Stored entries
=== Begin Enclosure ===
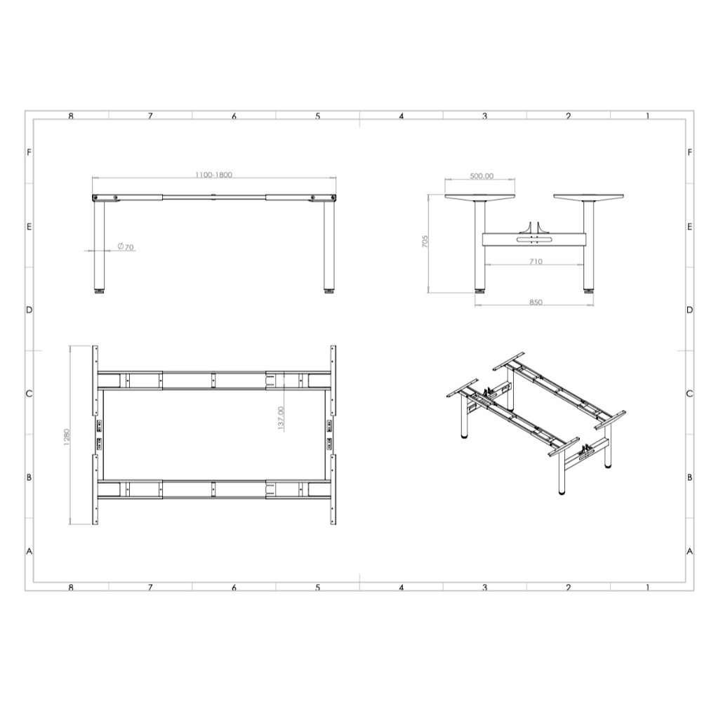 The telescopic frame allows for flexible configurations between 1100mm and 1800mm wide, accommodating various team sizes and layouts. Finished in a durable powder coat, this frame offers a professional and modern aesthetic.
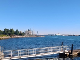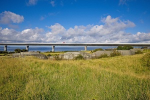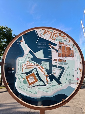 Wir fuhren vor halb 8 Uhr los, machten einen V+E-Stopp an einer Autobahnraststation und hielten dann beim Fort auf der Insel Masnedö. Dort besichtigten wir die alte Bunkeranlage, bestaunten den Neubau der Brücke und genossen einen Kaffee in der warmen Sonne.
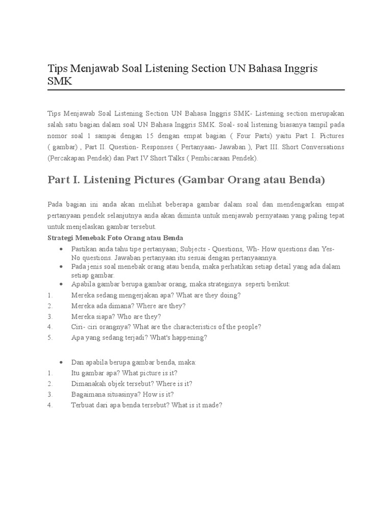 Tips Menjawab Soal Listening Section Un Bahasa Inggris Smk Ahzaa Net
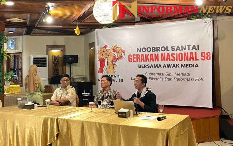 Jakarta- Informannews.com || Para aktivis dari Gerakan Nasional (GN) ’98 menggelar diskusi bertema “Supremasi Sipil Menjadi Landasan Filosofis dari Reformasi POLRI” di Jakarta, Minggu, (21/9/2025).
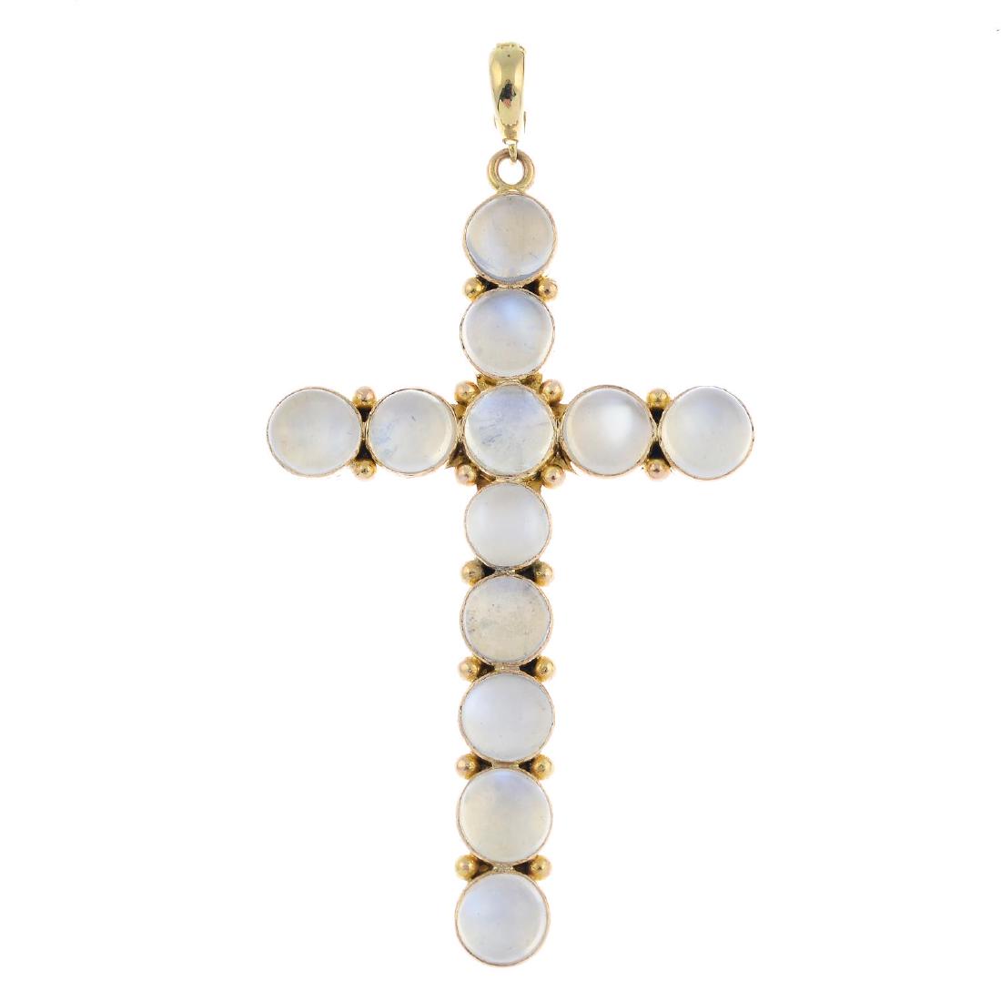 A moonstone cross pendant. Designed as a circular
=== End Enclosure ===
Your objective: Quote the records in their entirety, keeping the wording exact and excluding pictures.

Exercise solution:
 The telescopic frame allows for flexible configurations between 1100mm and 1800mm wide, accommodating various team sizes and layouts. Finished in a durable powder coat, this frame offers a professional and modern aesthetic.
 Wir fuhren vor halb 8 Uhr los, machten einen V+E-Stopp an einer Autobahnraststation und hielten dann beim Fort auf der Insel Masnedö. Dort besichtigten wir die alte Bunkeranlage, bestaunten den Neubau der Brücke und genossen einen Kaffee in der warmen Sonne.
 Tips Menjawab Soal Listening Section Un Bahasa Inggris Smk Ahzaa Net
 Jakarta- Informannews.com || Para aktivis dari Gerakan Nasional (GN) ’98 menggelar diskusi bertema “Supremasi Sipil Menjadi Landasan Filosofis dari Reformasi POLRI” di Jakarta, Minggu, (21/9/2025).
 A moonstone cross pendant. Designed as a circular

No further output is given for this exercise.